Some schools in developing countries are impressive. Innova Schools in Peru are groundbreaking. The Hamels Foundation School in Malawi is awesome. There are many educational points of light throughout developing countries.
Many other schools in developing countries — millions, actually — are unbelievably constrained. In rural Nicaragua classes may be held in shipping containers. In Africa, many schools are held by necessity outdoors. Often a “school” may have a teacher (with limited training), a blackboard — and that is about it. Limited classrooms, no desks, no books, few teachers, no standard curriculum — that is the best you can find in many places.

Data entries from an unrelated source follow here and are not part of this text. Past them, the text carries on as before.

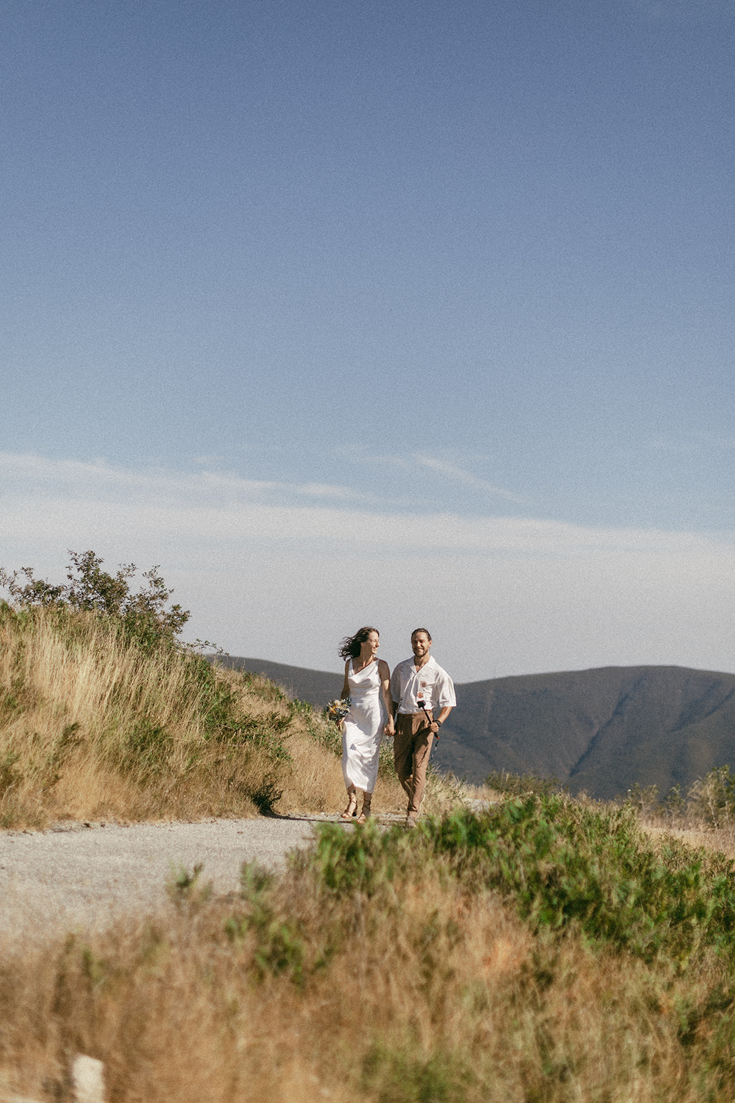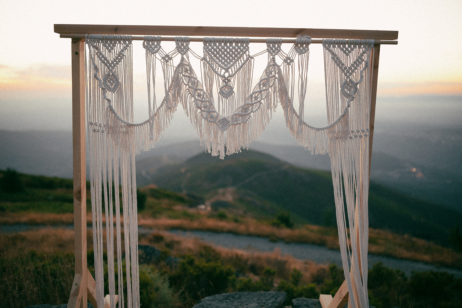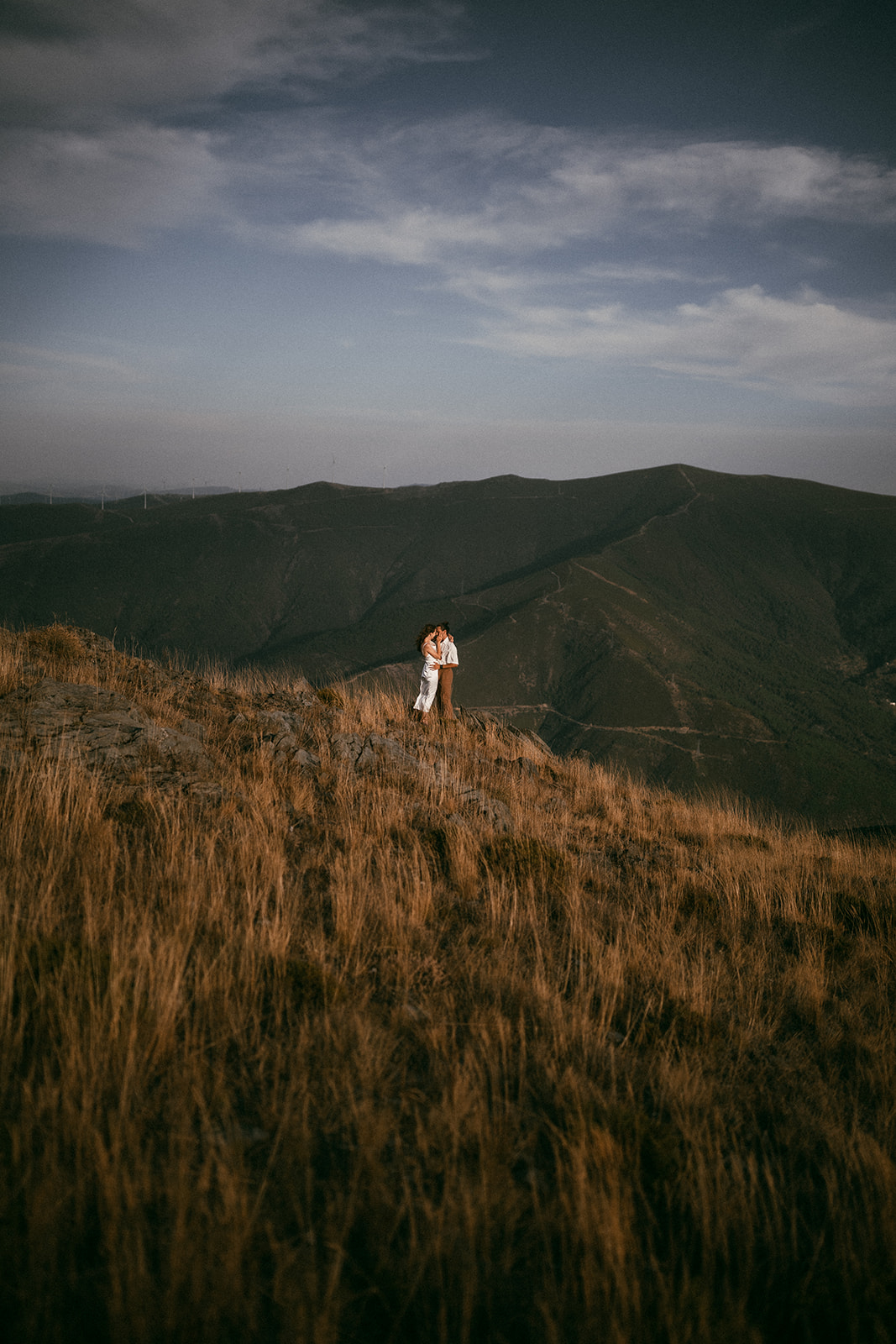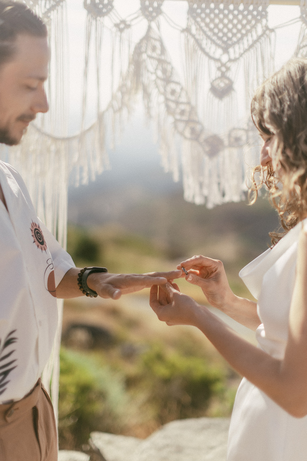 When they reached the mountains of Central Portugal, they assembled it together on a breathtaking peak, surrounded by vast landscapes and silence. Against this simple yet deeply personal setting, they exchanged their vows and became husband and wife.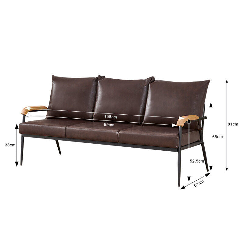 Brown Faux Leather Sofa 3 Seaters Armchair Metal Legs Couches Living Room Modern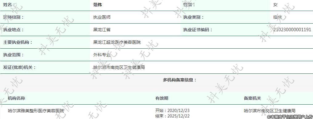 黑龍江超龍醫(yī)療美容執(zhí)業(yè)醫(yī)師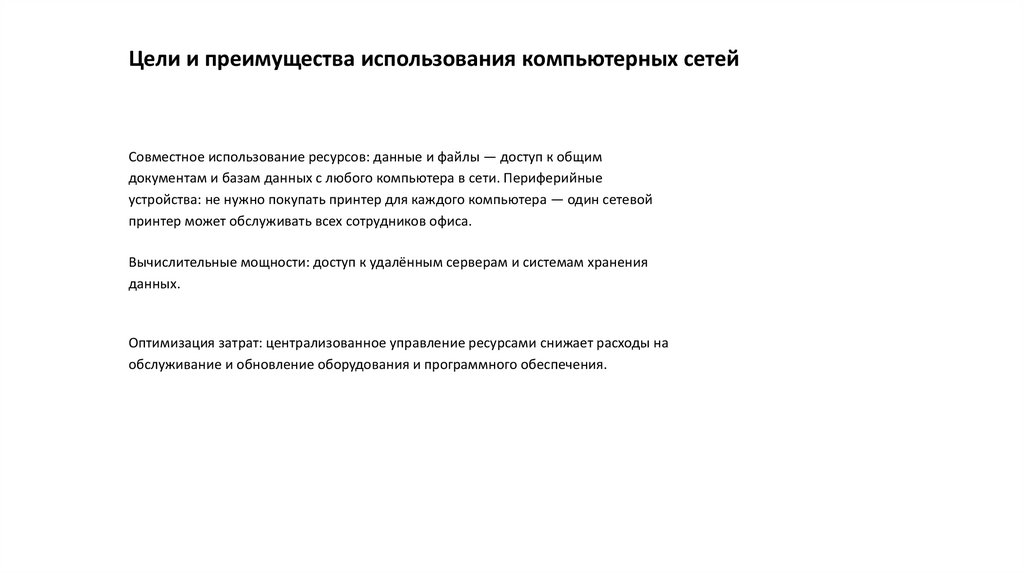 Цели и преимущества использования компьютерных сетейСовместное использование ресурсов: данные и файлы — доступ к общим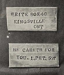 Perhaps Miner's most significant contribution to the conservation movement was his practice of banding ducks and geese. Although his son claims that Jack was the first person to band birds in North America,[14] it had actually been introduced by American Leon J. Cole several years earlier. Miner had begun banding ducks and geese in August, 1909.[15] He banded his first duck with a hand-stamped aluminum band, which was recovered five months later in Anderson, South Carolina, constituting the first complete banding record. His bird tags quoted scripture: "Keep yourselves in the love of God—Jude 1-21" and "With God all things are possible—Mark 10-27". The inclusion of scripture on his bands was again indicative of the influence of Miner's faith on his conservation methods. Indeed, in an entry titled "Birds as Missionary Messengers," Miner describes Canada geese as just that, recounting a visit by a missionary from the Canadian North who had been given bands from the local Inuit for interpretation and of a letter sent to him from inmates in an Arkansas prison who had taken interest in the unique method of banding.[16] This unconventional method of banding, it is suggested, helped generate increased interest and participation in the project.[17] Miner's method of banding, however, was at odds with the attempt to standardize bird-banding practices by the American Bird Banding Association. Indeed, in spite of external pressure, the Jack Miner Migratory Bird Foundation did not adopt the standardized methods until after his death.[18]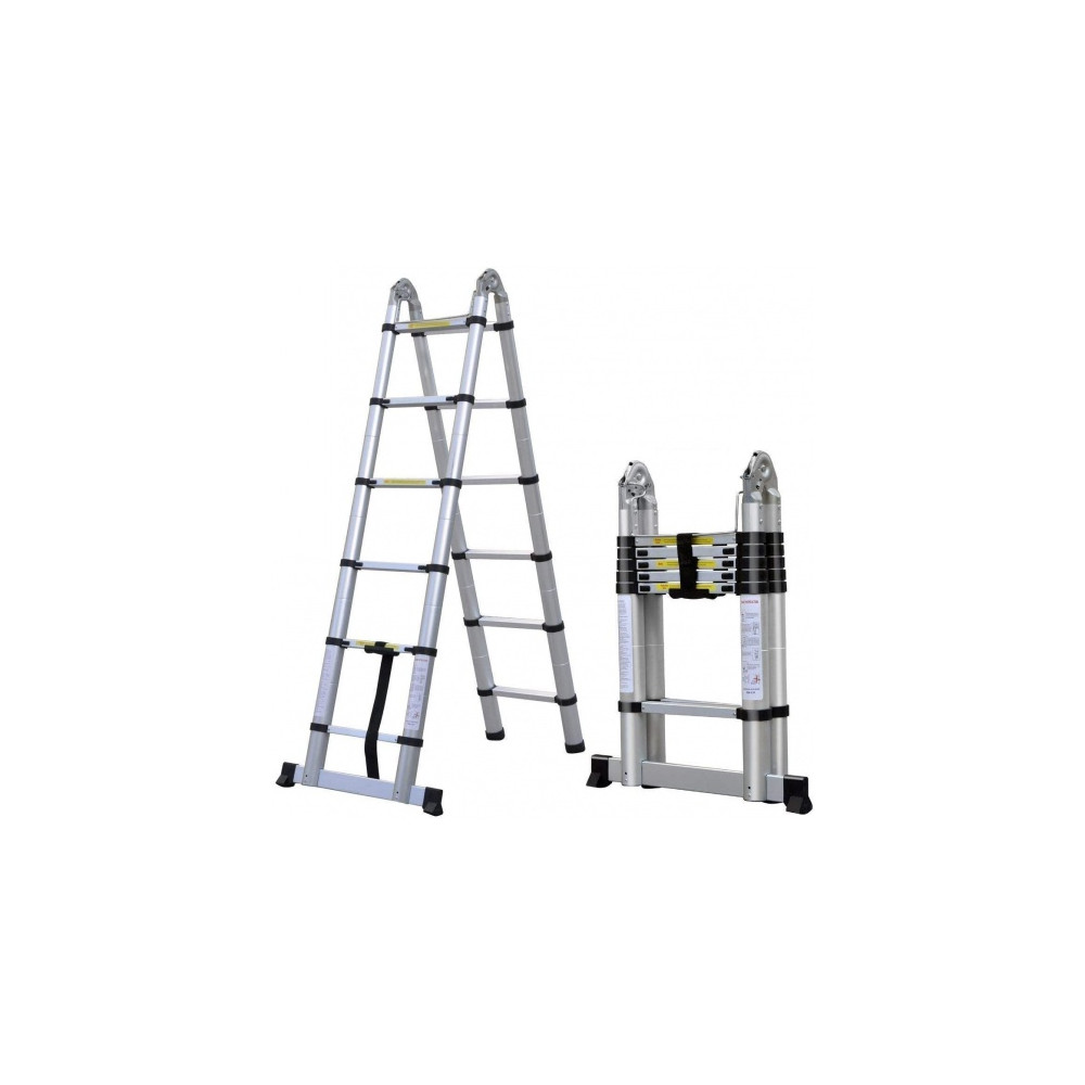Двухсторонняя телескопическая лестница с шарниром 1,9+1,9 м (6+6 ступ)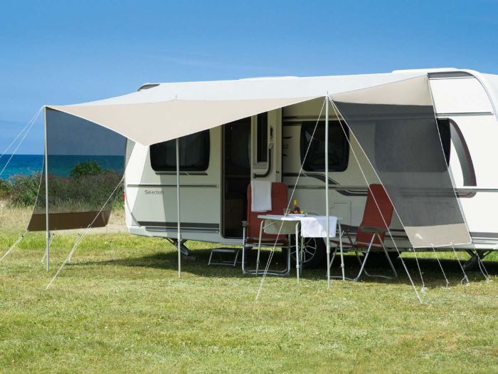 Die beeindruckende Dachtiefe von 240 cm bietet großzügigen Raum am Wohnwagen, perfekt für Camper, die Wert auf Komfort legen. Die leicht einstellbaren Seitenteile können senkrecht oder schräg ausgerichtet werden, um den individuellen Platzbedarf perfekt zu decken.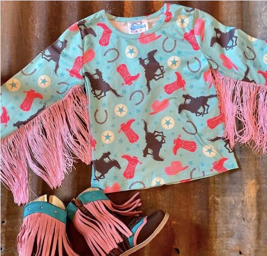 Turquoise Cowgirl Long Sleeve Top (2T-5T)

I was visiting schools once in rural Malawi, and since I was a foreigner, I was handed a note from a school I hadn’t visited requesting help. It outlined that it had few teachers, desks, and toilets:
If schools are lacking even the most basic elements of education, what good will broadband do? A lot actually. One thing is clear from even the most resource-constrained environments: education is a generally a very high priority. If that means holding class in a shipping container or outside under a tree, so be it. People make the best with what they have.
If there is connectivity and at least one device, that opens up a world of opportunities. Teachers have resources. Students can get curricular materials. Ministries of Education can start to reach more students.
Broadband doesn’t solve the education problem. People still need teachers and desks and toilets. But it can help a lot — and in environments where education is prioritized, people are resourceful and benefit from connectivity.